→ **Description of the task**:
From the material below, please set down exactly the lines starting with the one with "近期雖然到港通關的進口大豆數" and going on through the one with "BIO 201-LECTURES 1-9", without a single picture.

════

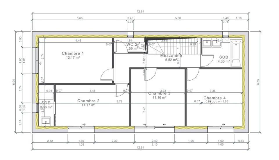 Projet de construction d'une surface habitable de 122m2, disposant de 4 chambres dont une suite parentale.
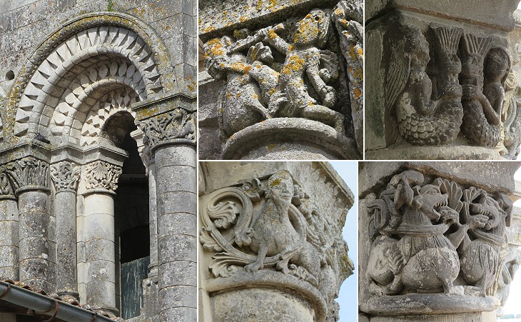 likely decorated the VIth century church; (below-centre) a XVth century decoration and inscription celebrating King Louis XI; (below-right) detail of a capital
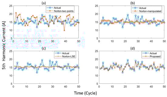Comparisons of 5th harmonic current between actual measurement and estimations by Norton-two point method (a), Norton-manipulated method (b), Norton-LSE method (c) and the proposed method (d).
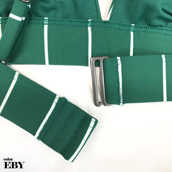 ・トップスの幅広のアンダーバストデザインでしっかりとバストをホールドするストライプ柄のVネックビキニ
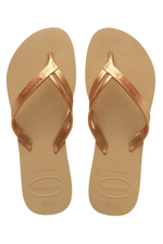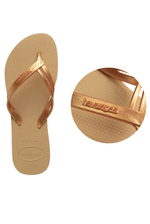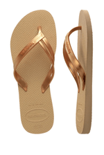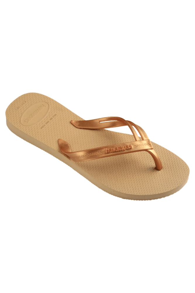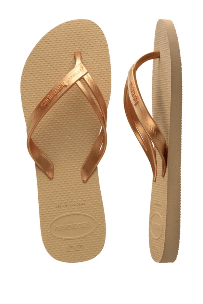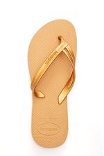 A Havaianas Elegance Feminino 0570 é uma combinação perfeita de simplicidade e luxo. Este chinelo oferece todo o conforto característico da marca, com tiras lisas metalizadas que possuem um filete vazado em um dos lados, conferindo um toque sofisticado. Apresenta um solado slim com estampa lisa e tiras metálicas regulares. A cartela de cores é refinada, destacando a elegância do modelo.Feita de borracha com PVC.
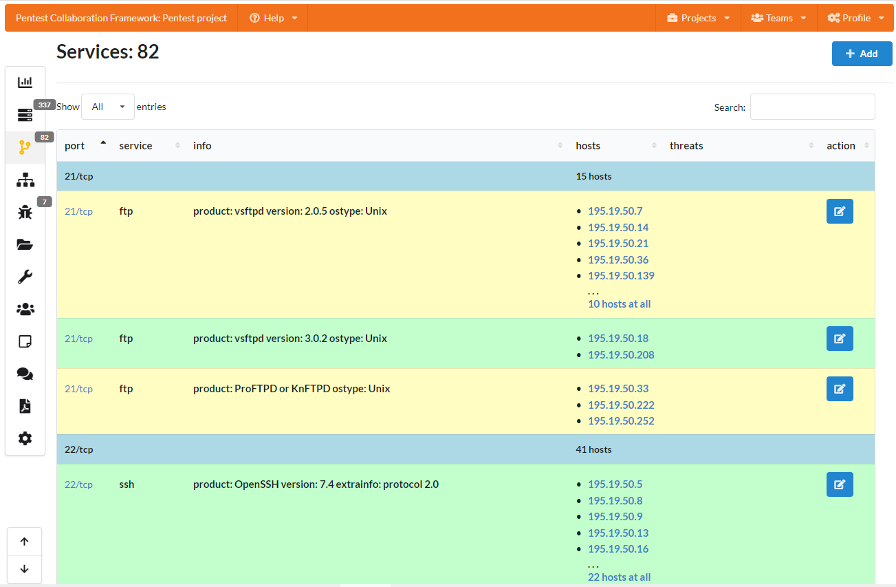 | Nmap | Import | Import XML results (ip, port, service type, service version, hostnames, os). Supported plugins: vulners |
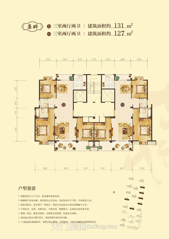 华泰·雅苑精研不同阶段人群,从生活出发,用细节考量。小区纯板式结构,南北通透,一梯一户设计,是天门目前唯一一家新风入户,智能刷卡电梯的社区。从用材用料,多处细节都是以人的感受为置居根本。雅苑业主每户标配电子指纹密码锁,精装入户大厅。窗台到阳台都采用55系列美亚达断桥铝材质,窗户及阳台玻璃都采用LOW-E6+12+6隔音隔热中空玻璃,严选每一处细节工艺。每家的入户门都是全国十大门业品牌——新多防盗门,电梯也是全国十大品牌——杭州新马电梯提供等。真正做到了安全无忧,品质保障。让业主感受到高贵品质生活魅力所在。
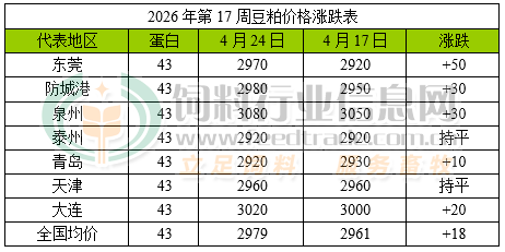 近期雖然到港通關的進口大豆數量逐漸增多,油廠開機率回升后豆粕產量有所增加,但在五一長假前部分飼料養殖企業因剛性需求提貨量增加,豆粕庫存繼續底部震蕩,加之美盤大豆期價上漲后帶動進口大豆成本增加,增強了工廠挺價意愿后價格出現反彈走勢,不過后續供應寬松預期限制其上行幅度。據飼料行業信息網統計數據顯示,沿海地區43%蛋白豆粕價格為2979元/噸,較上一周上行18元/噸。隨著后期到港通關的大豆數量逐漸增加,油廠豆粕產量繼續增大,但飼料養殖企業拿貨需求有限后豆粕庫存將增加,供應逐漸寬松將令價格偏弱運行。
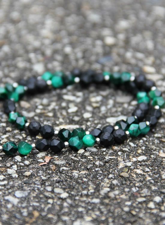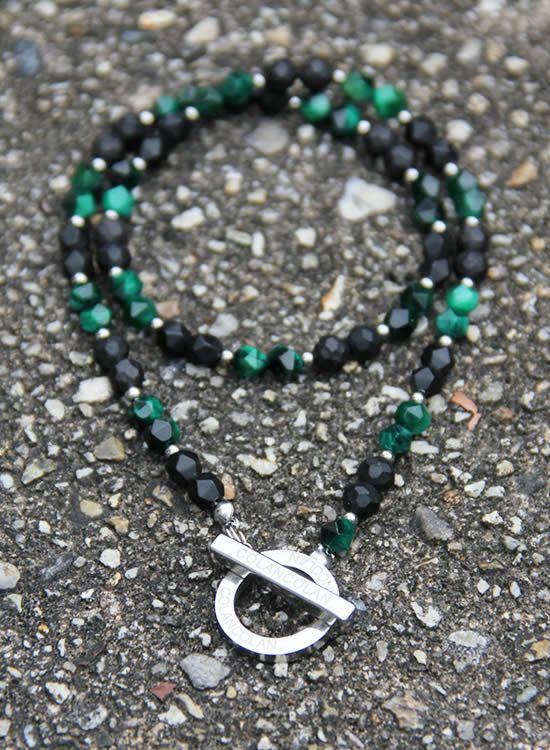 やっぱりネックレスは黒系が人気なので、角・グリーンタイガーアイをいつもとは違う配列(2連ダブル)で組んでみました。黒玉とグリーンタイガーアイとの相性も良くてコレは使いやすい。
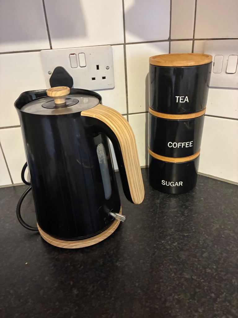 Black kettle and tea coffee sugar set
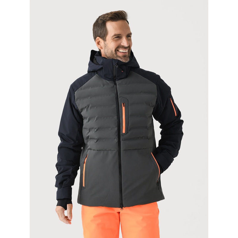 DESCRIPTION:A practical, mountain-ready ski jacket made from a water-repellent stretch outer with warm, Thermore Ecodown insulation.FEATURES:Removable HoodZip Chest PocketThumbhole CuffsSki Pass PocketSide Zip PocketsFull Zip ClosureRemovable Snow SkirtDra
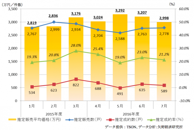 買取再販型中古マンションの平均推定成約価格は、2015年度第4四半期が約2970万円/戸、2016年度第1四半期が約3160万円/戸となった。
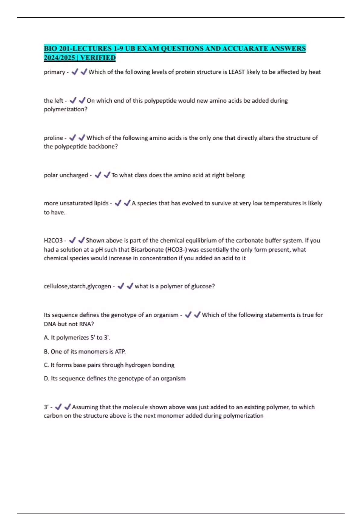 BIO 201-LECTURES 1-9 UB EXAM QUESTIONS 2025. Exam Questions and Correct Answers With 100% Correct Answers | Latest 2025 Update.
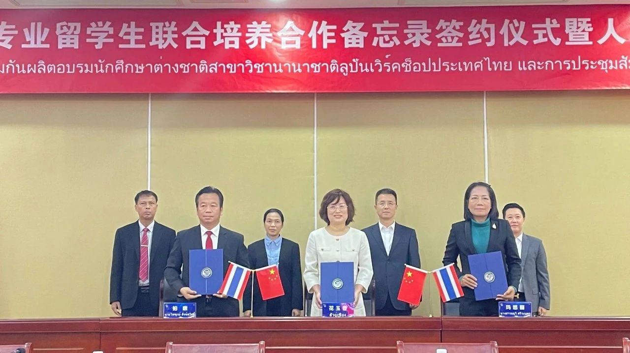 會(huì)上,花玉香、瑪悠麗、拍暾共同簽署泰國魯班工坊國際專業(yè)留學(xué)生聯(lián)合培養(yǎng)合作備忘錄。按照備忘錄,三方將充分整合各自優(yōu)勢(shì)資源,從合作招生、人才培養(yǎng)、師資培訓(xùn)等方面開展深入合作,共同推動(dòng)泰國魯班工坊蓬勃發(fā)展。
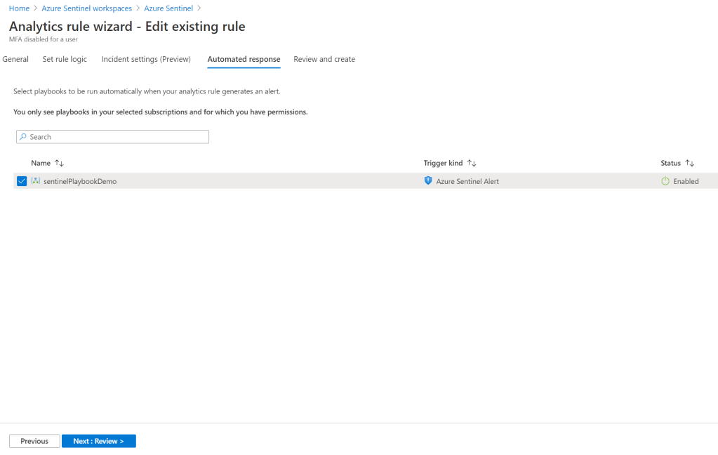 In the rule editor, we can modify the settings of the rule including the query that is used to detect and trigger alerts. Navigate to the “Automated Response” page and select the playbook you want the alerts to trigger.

════

→ **Answer to the problem**:
 近期雖然到港通關的進口大豆數量逐漸增多,油廠開機率回升后豆粕產量有所增加,但在五一長假前部分飼料養殖企業因剛性需求提貨量增加,豆粕庫存繼續底部震蕩,加之美盤大豆期價上漲后帶動進口大豆成本增加,增強了工廠挺價意愿后價格出現反彈走勢,不過后續供應寬松預期限制其上行幅度。據飼料行業信息網統計數據顯示,沿海地區43%蛋白豆粕價格為2979元/噸,較上一周上行18元/噸。隨著后期到港通關的大豆數量逐漸增加,油廠豆粕產量繼續增大,但飼料養殖企業拿貨需求有限后豆粕庫存將增加,供應逐漸寬松將令價格偏弱運行。
 やっぱりネックレスは黒系が人気なので、角・グリーンタイガーアイをいつもとは違う配列(2連ダブル)で組んでみました。黒玉とグリーンタイガーアイとの相性も良くてコレは使いやすい。
 Black kettle and tea coffee sugar set
 DESCRIPTION:A practical, mountain-ready ski jacket made from a water-repellent stretch outer with warm, Thermore Ecodown insulation.FEATURES:Removable HoodZip Chest PocketThumbhole CuffsSki Pass PocketSide Zip PocketsFull Zip ClosureRemovable Snow SkirtDra
 買取再販型中古マンションの平均推定成約価格は、2015年度第4四半期が約2970万円/戸、2016年度第1四半期が約3160万円/戸となった。
 BIO 201-LECTURES 1-9 UB EXAM QUESTIONS 2025. Exam Questions and Correct Answers With 100% Correct Answers | Latest 2025 Update.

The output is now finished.